EXERCISE BRIEF:
The full set of lines below has to be duplicated exactly, with no picture kept.

DATA SECTION:
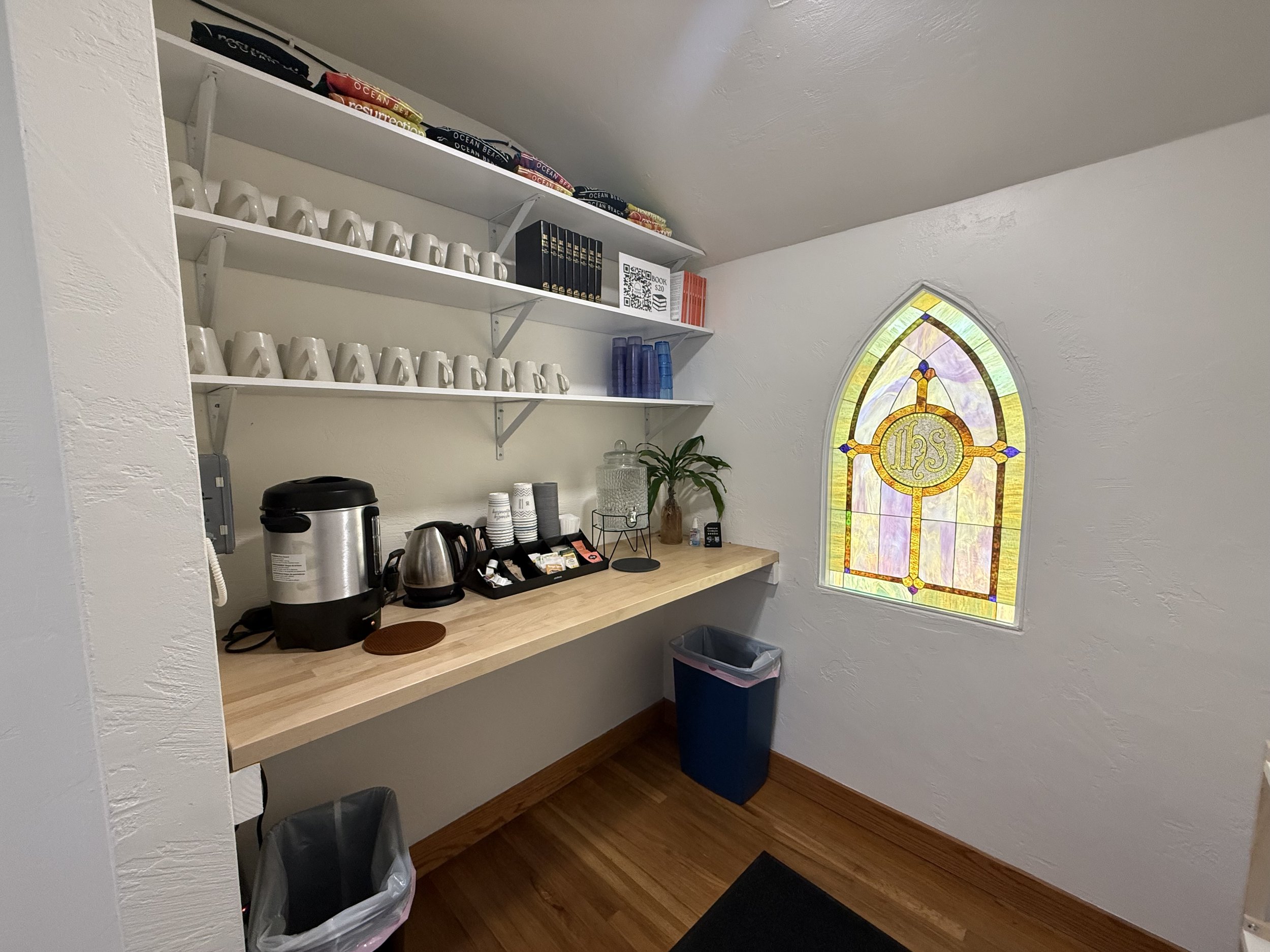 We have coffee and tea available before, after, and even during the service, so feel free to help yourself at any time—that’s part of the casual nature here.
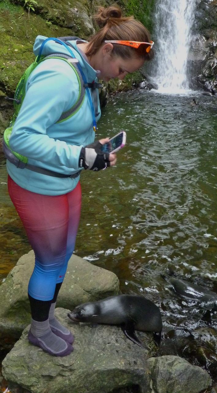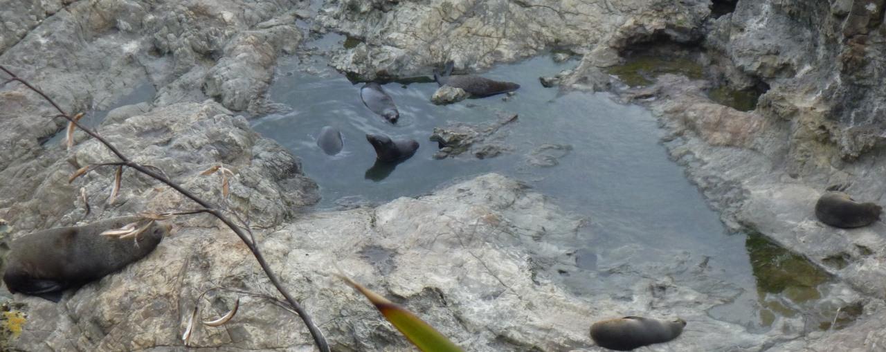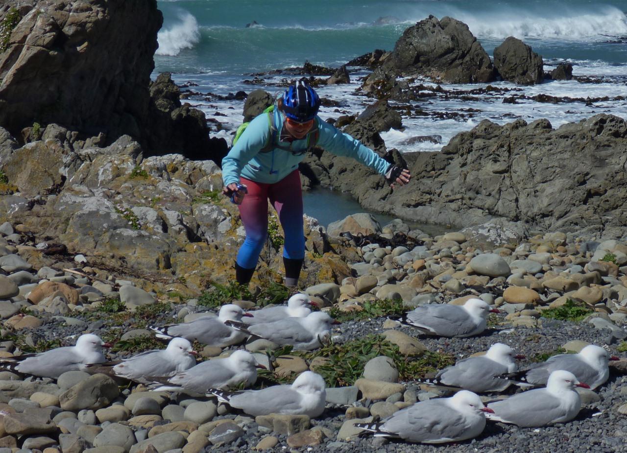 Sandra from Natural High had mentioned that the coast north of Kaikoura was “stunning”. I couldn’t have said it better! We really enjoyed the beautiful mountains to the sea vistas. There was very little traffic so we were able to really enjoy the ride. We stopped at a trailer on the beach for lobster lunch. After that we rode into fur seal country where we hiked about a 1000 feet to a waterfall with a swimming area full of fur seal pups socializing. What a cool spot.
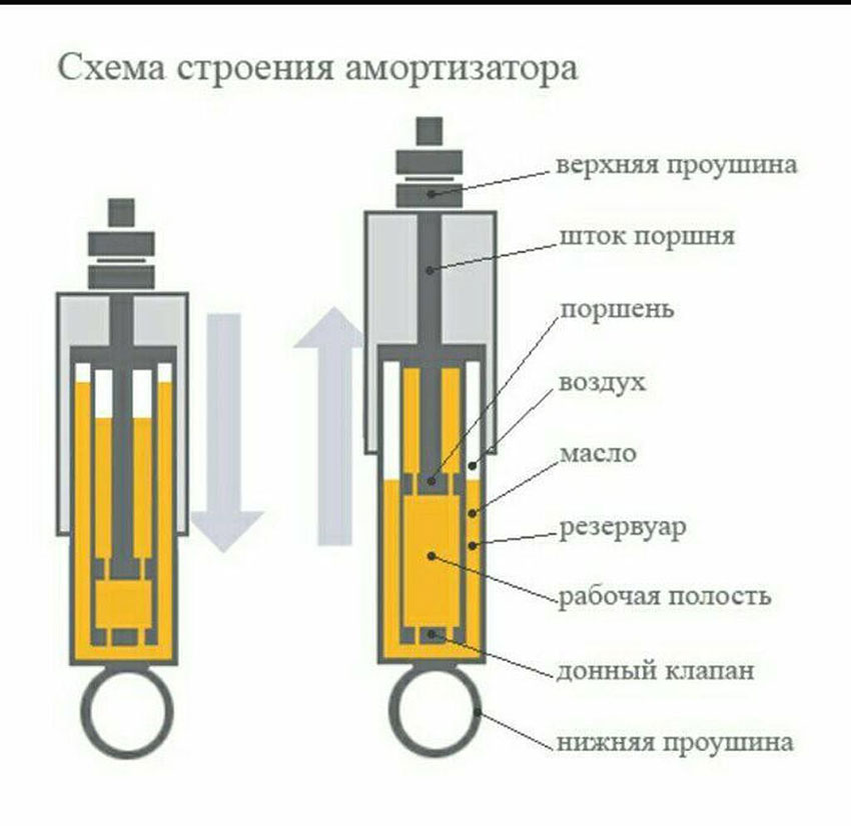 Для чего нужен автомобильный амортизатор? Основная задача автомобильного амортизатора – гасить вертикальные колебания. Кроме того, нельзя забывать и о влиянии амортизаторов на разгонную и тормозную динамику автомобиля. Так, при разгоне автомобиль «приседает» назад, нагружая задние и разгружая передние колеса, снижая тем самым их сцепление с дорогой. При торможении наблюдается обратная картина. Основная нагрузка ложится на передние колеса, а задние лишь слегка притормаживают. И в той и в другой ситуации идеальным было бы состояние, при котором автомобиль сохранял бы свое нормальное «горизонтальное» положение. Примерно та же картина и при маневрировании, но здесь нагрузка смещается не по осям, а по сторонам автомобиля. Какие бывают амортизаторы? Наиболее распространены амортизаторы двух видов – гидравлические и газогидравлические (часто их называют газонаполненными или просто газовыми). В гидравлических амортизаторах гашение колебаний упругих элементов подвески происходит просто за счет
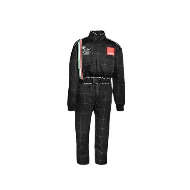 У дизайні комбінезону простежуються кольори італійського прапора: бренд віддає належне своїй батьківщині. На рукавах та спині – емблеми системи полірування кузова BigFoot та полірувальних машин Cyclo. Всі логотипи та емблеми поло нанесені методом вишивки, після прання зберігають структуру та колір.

YOUR RESPONSE:
 We have coffee and tea available before, after, and even during the service, so feel free to help yourself at any time—that’s part of the casual nature here.
 Sandra from Natural High had mentioned that the coast north of Kaikoura was “stunning”. I couldn’t have said it better! We really enjoyed the beautiful mountains to the sea vistas. There was very little traffic so we were able to really enjoy the ride. We stopped at a trailer on the beach for lobster lunch. After that we rode into fur seal country where we hiked about a 1000 feet to a waterfall with a swimming area full of fur seal pups socializing. What a cool spot.
 Для чего нужен автомобильный амортизатор? Основная задача автомобильного амортизатора – гасить вертикальные колебания. Кроме того, нельзя забывать и о влиянии амортизаторов на разгонную и тормозную динамику автомобиля. Так, при разгоне автомобиль «приседает» назад, нагружая задние и разгружая передние колеса, снижая тем самым их сцепление с дорогой. При торможении наблюдается обратная картина. Основная нагрузка ложится на передние колеса, а задние лишь слегка притормаживают. И в той и в другой ситуации идеальным было бы состояние, при котором автомобиль сохранял бы свое нормальное «горизонтальное» положение. Примерно та же картина и при маневрировании, но здесь нагрузка смещается не по осям, а по сторонам автомобиля. Какие бывают амортизаторы? Наиболее распространены амортизаторы двух видов – гидравлические и газогидравлические (часто их называют газонаполненными или просто газовыми). В гидравлических амортизаторах гашение колебаний упругих элементов подвески происходит просто за счет
 У дизайні комбінезону простежуються кольори італійського прапора: бренд віддає належне своїй батьківщині. На рукавах та спині – емблеми системи полірування кузова BigFoot та полірувальних машин Cyclo. Всі логотипи та емблеми поло нанесені методом вишивки, після прання зберігають структуру та колір.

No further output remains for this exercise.